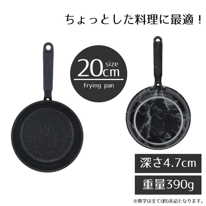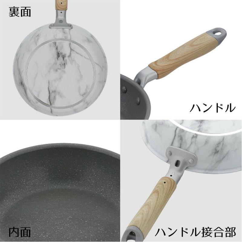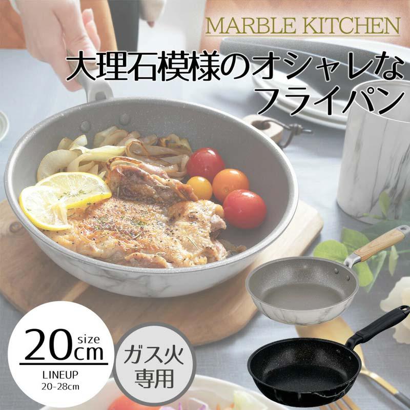 フライパン 20cm ガス ガス火 ガス専用 ガス火専用 大理石模様 大理石 マーブル シルバーマーブル おしゃれ 北欧 北欧風 エレガント ホワイト 白 フッ素 お手入れ簡単
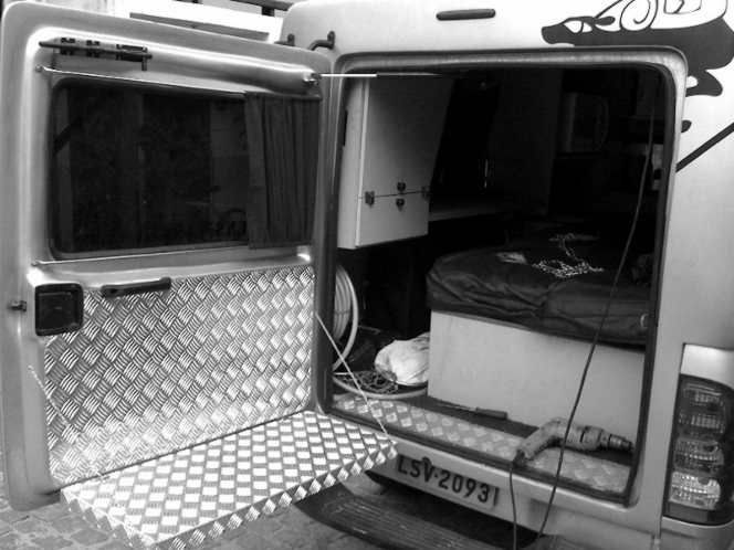 ... galão de inox de 30 litros na traseira e tubo para guardar a armação da tenda...
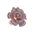 Elegantní prsten s 18kt růžovým zlatem zdobené diamanty a safírem pink. Dokonalý doplněk pro každou příležitost k úspěchu. Šperk je součástí kolekce Flowers.
———
▶ [What you need to do]
Give the data again exactly. Keep the images out.

▶ [Written answer]
 フライパン 20cm ガス ガス火 ガス専用 ガス火専用 大理石模様 大理石 マーブル シルバーマーブル おしゃれ 北欧 北欧風 エレガント ホワイト 白 フッ素 お手入れ簡単
 ... galão de inox de 30 litros na traseira e tubo para guardar a armação da tenda...
 Elegantní prsten s 18kt růžovým zlatem zdobené diamanty a safírem pink. Dokonalý doplněk pro každou příležitost k úspěchu. Šperk je součástí kolekce Flowers.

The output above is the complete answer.